5 rows × 1361 columns

Deal with Negative Values

Since Naive Bayes Classification requires nonnegative feature values, we need to deal with negative values. Here I use softmax function to transform negative values.

def softmax(x):
    """Compute softmax values for each sets of scores in x."""
    e_x = np.exp(x - np.max(x))
    return e_x / e_x.sum()
data_nonneg = data
for col in data_nonneg.columns[(data < 0).any()].tolist():
    data_nonneg[col] = softmax(data[col])

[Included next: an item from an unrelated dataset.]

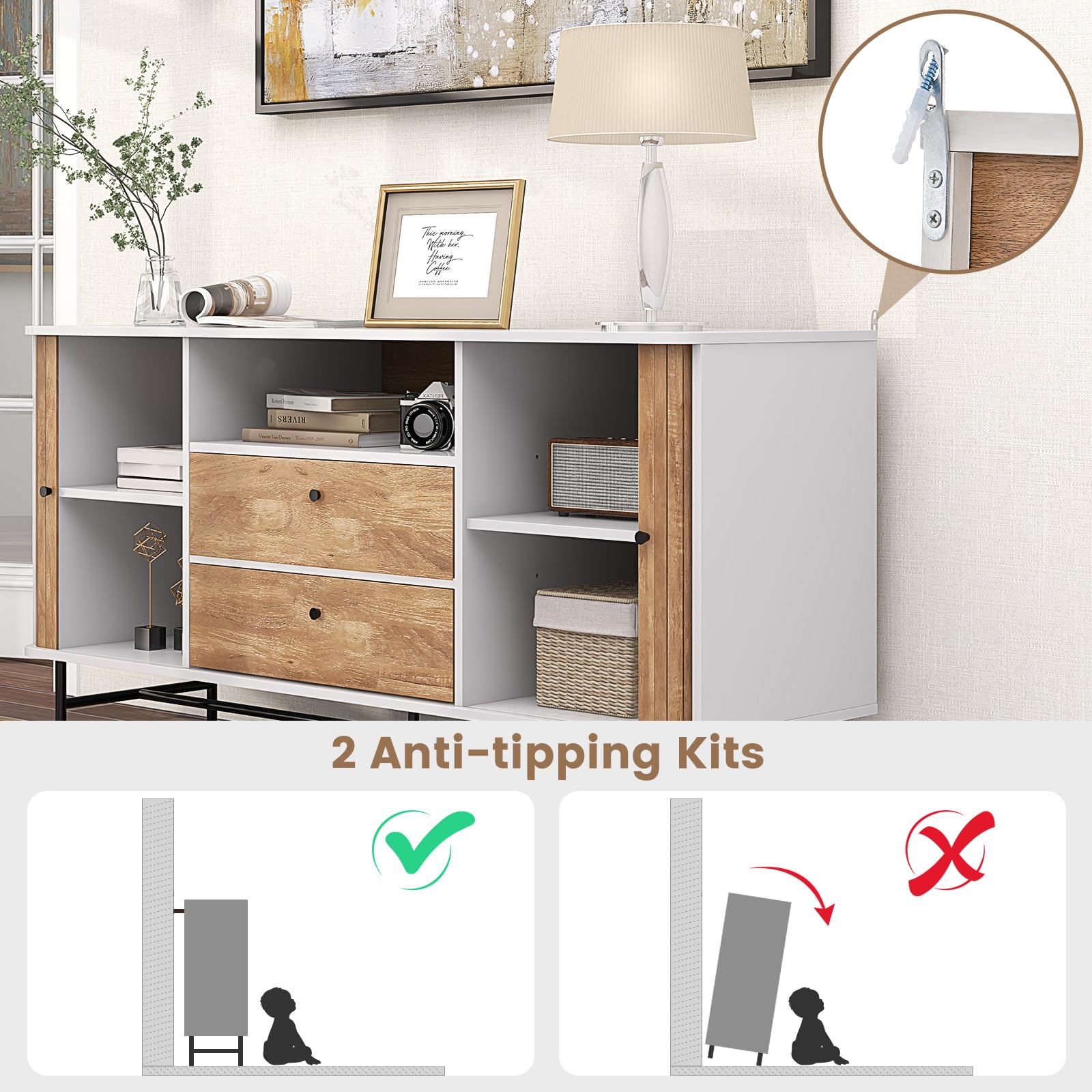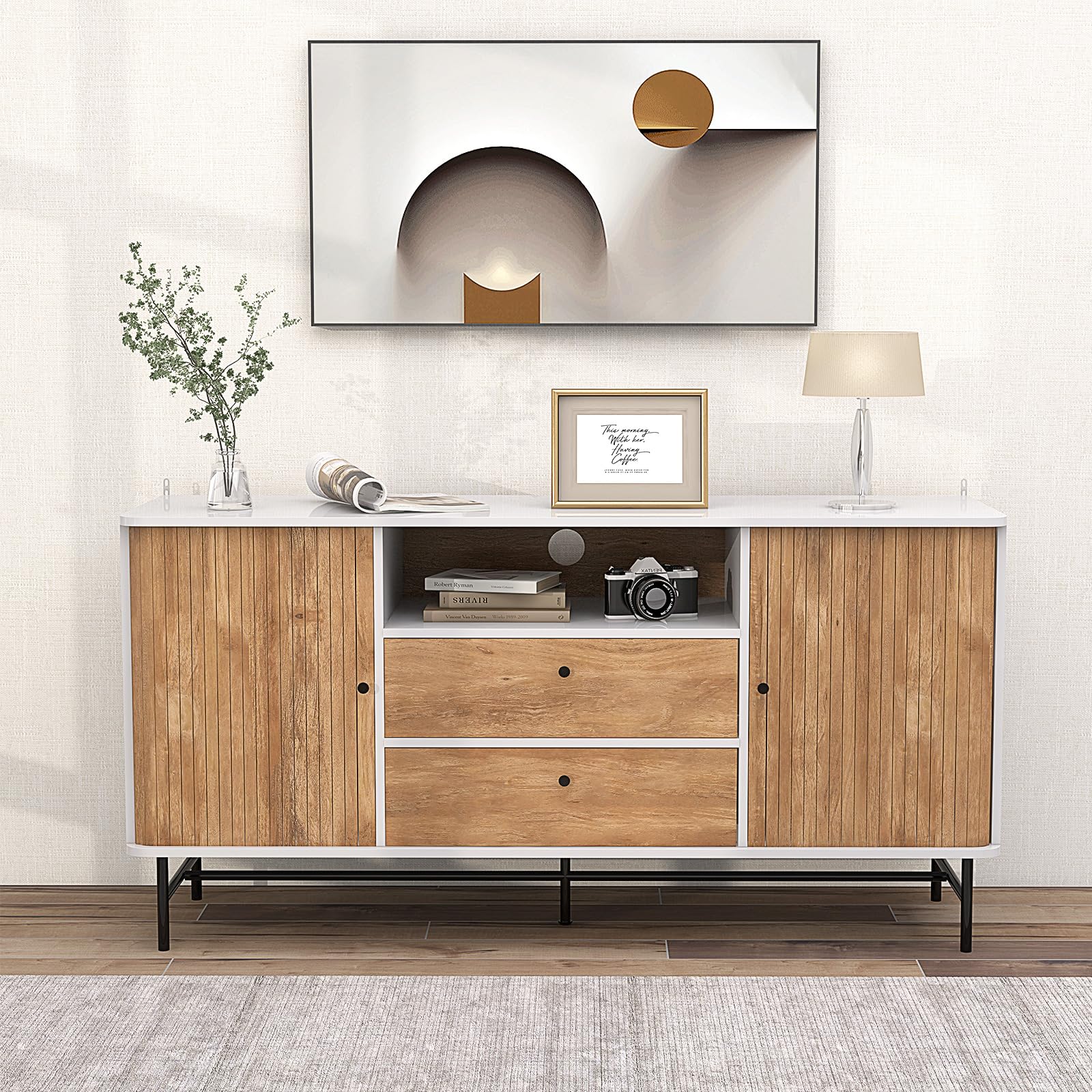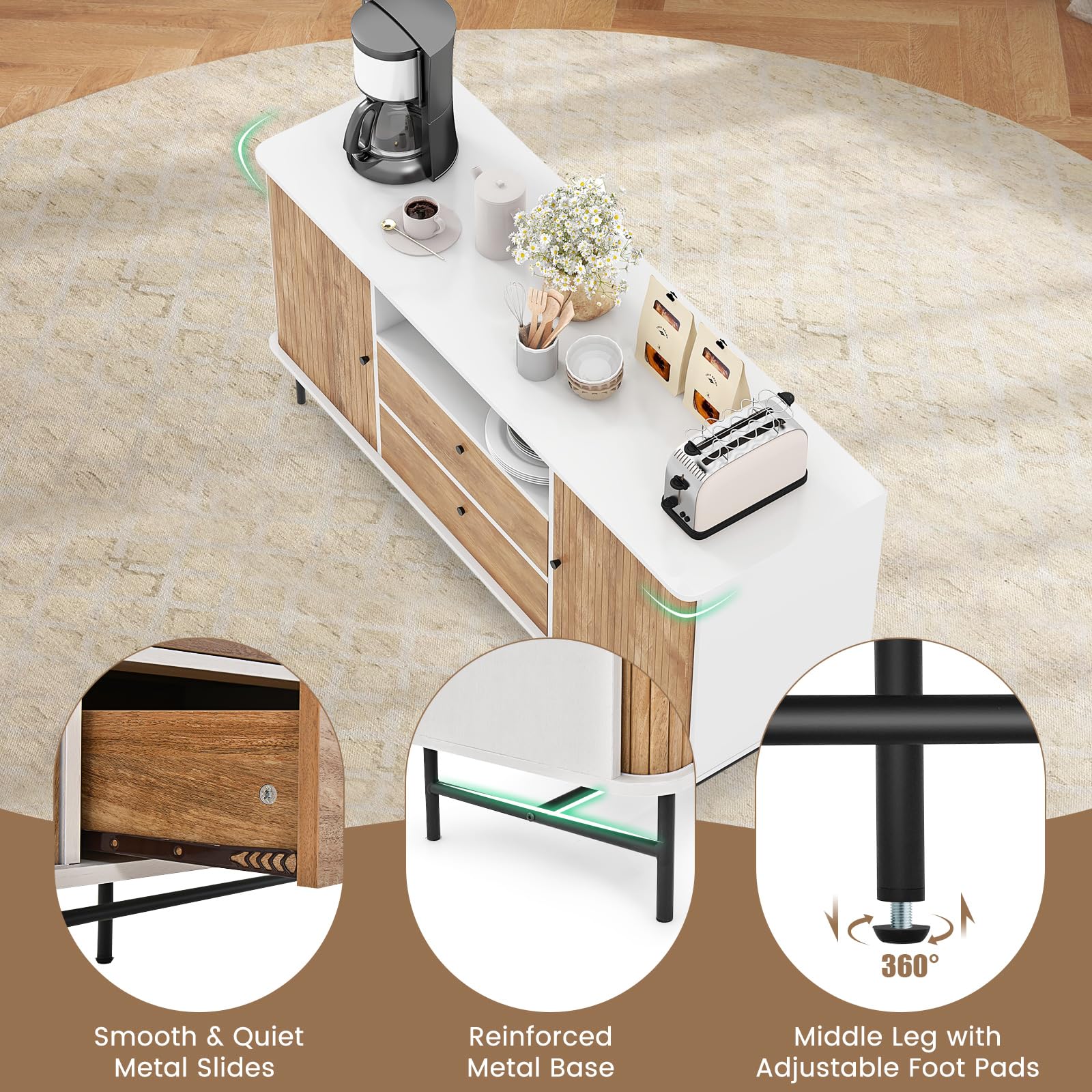 - [Versatile Storage Space]: The buffet sideboard features large storage space, including an open shelf, 2 sliding door cabinet and 2 storage drawers, great for organizing kitchen essentials and delicate ornaments. The cable hole on the back allows for easy wire management.
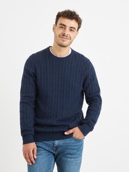 Svetr s kulatým výstřihem. Copánkový vzor. Příjemný materiál s příměsí vlny.

# This isthe format for nonnegative testing input
classification_nonnegative_test_input = data_nonneg

Append Target Class Back to Dataset

Note that the target class should be at the last column.

data['ArrDelay'] = y
data_nonneg['ArrDelay'] = y

# This is the format for training input
classification_train_input = data
# This is the format for nonnegative training input
classification_nonnegative_train_input = data_nonneg

data.head()
0 1 2 3 4 5 6 7 8 9 ... 2484 2485 2486 2487 2488 2489 2490 2491 2492 ArrDelay
2000 1.0 0.0 0.0 0.0 0.0 0.0 0.0 0.0 0.0 0.0 ... 259.0 252.0 233.0 7.0 1587.0 15.0 11.0 0.0 0.0 1
2000 1.0 0.0 0.0 0.0 0.0 0.0 0.0 0.0 0.0 0.0 ... 291.0 252.0 239.0 40.0 1587.0 5.0 47.0 0.0 0.0 0
2000 1.0 0.0 0.0 0.0 0.0 0.0 0.0 0.0 0.0 0.0 ... 247.0 252.0 226.0 -7.0 1587.0 7.0 14.0 0.0 0.0 1
2000 1.0 1.0 0.0 0.0 0.0 0.0 0.0 0.0 0.0 0.0 ... 255.0 255.0 244.0 -4.0 1587.0 3.0 8.0 0.0 0.0 1
2000 1.0 0.0 1.0 0.0 0.0 0.0 0.0 0.0 0.0 0.0 ... 299.0 255.0 267.0 47.0 1587.0 8.0 24.0 0.0 0.0 0

5 rows × 2494 columns

Export Preprocessed Data

Note that we set headre=False to avoid mapreduce function mistaken header as a data row.

classification_train_input.to_csv('classification_train_input', header=False)
classification_test_input.to_csv('classification_test_input', header=False)
classification_nonnegative_train_input.to_csv('classification_nonnegative_train_input', header=False)
classification_nonnegative_test_input.to_csv('classification_nonnegative_test_input', header=False)

Note that validation file should be split form training file by yourself.